Trying his best not to sound bitter, he said, “Well, I guess you’re not trapped now.”
“And neither are you, Ricky. Y’ever consider the possibility that maybe you’re just better off without a girlfriend? Without a serious girlfriend, at least?”
“I don’t know,” he said. “I’ve only had fifteen, twenty minutes to get used to the idea.”
“Might be worth thinking about. I mean, let’s be honest. What’s the most important thing to you? Being with someone? I don’t think so. It’s getting laughs. You’re very good at it. It lights you up. It’s what you have to give to people. Probably the best of what you have to give. No shame in that. Why not just go with it?”
Peppers and Carmine drove through what was left of the night and into the next morning, hardly speaking until they hit the Georgia line. Then Carmine said, “Fucking Florida. Florida didn’t show me nothin’.”
Peppers didn’t see the point of arguing, so he just looked out the window at some spindly pine trees sticking up through spirals of mist.

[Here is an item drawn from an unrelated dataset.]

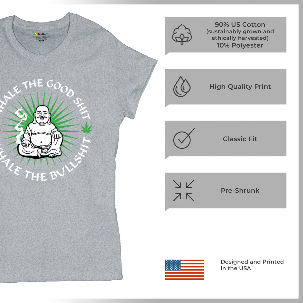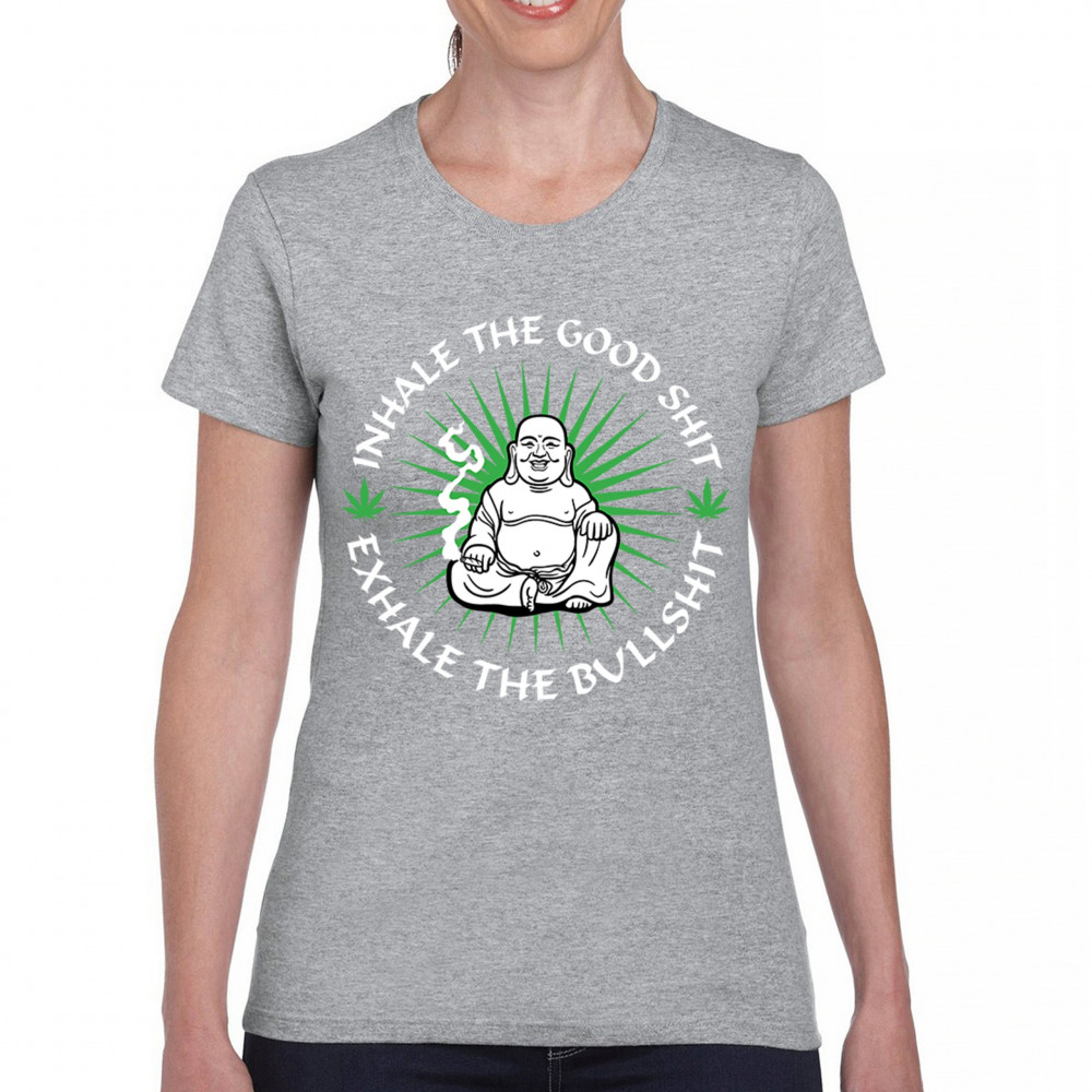 This hilarious and zen-inspired design features a happy Buddha with a joint, surrounded by cannabis leaves. “Inhale the Good Shit, Exhale the Bullshit†delivers chill stoner wisdom with a wink. Ideal for mindful marijuana lovers, 420 fans, or spiritual rebels with a sense of humor and a love for weed.

A few miles later, he said, “Fat Lou’s gonna be pissed off at us.”
“If he is, he is. But he shouldn’t be. I mean, we saved him from ending up in business with a real douchebag.”

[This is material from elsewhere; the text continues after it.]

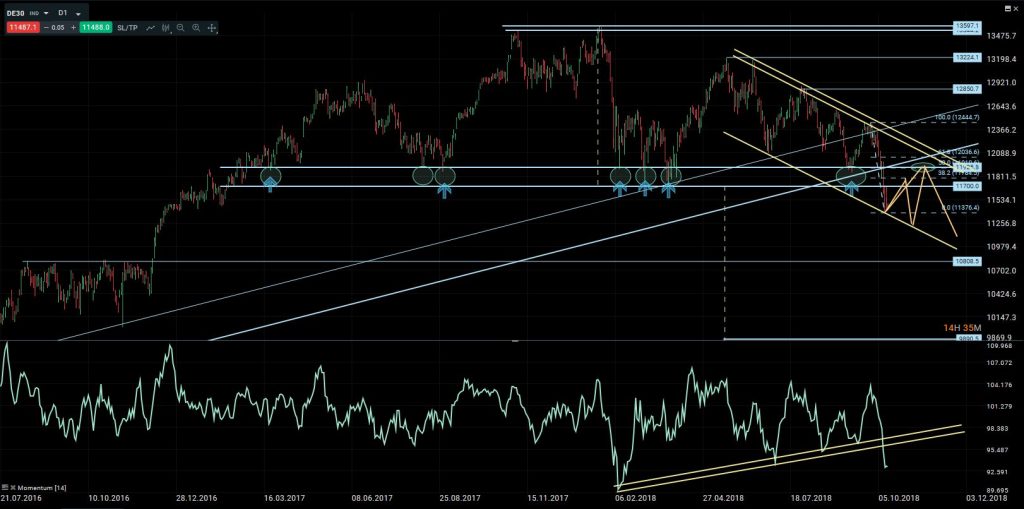 En el último informe comentamos “que considerábamos que había que mantener las posiciones alcistas con un primer objetivo en torno a 12250 y un segundo objetivo en 12800, pero con stops por debajo de 11700, ya que de romperse este nivel se completaría una formación de “hombro-cabeza-hombro” además de romperse la directriz alcista principal. Y que si finalmente se desarrollaba este último escenario esperábamos una caída rápida hacia 11420/60, posible “pullback” y cambio de tendencia, con un primer objetivo en 10800/30”. Finalmente se ha confirmado el escenario peor. El Dax ha completado dos cierres por debajo de 11700 y ha activado una estructura de vuelta que ha tardado en formarse más de dos años. En este momento los indicadores están sobrevendidos por lo que espero que en algún momento durante las siguientes sesiones se produzca un rebote. Sin embargo, ese rebote debería dejar un nuevo máximo decreciente, probablemente en el entorno del 38-50% de corrección de la última fase impulsiva bajista (11780-11925). Y a partir de ahí, es de esperar nuevas presiones a la baja con un primer objetivo en 10800 y un objetivo a medio/largo plazo en 9800/9900.

They passed a couple more exits before Peppers spoke again.
“Carmine, I’m glad ya didn’t whack the funny man. Just wanted ya to know I’m glad.”
The big fellow shrugged and tried to figure why his ins
ides suddenly felt pleasantly warm. Maybe it was just relief about a nasty piece of business left undone. Or maybe it was a kind of secret pride at having found within himself a bit of mercy and, along with it, maybe even a sense of humor. “Yeah,” he grunted. “Killing a clown in a ballet outfit. What woulda been the point? Not much glory in it, right?”
By noon of that January Sunday, Lenny and Marsha and Ricky and Pat were on a flight up to New York. By nine am on Monday the cast and crew and writers of Dog Groomer to the Stars had gathered on a sound stage in Long Island City to begin the shooting of their pilot. Five weeks later, a focus group in Muncie, Indiana pronounced the new show funny and fresh, and the network slated eight episodes for spring.
While not an outright smash, Groomer was successful enough that when, later in the year, its star, Ricky Reed, finally went into rehab, the entertainment media jumped on the story and gave the show a big boost leading into its second season.
During the hiatus, Lenny and Marsha, now relatively flush with cash, finally had time to get out and look for the bigger apartment they’d been promising themselves for years. They considered places on West End Avenue and even the previously unthinkable Riverside Drive. Giddily, they realized that fabled precincts—close to Lincoln Center, across from Central Park—were suddenly within their reach, or almost.
And yet they couldn’t seem to find a place they really liked. A kitchen layout was flawed, a lobby was pretentious, a foyer wasted too much space. Finally, after yet another long day of shlepping around with a realtor, they sat down over coffee and Marsha said, “You know what, Lenny? All these places we’ve ruled out, I don’t really think it comes down to what kind of knobs are on the bathroom sinks or whether the ceilings have molding. I’m wondering if maybe we can’t decide because, deep down, we just don’t want to live here anymore.”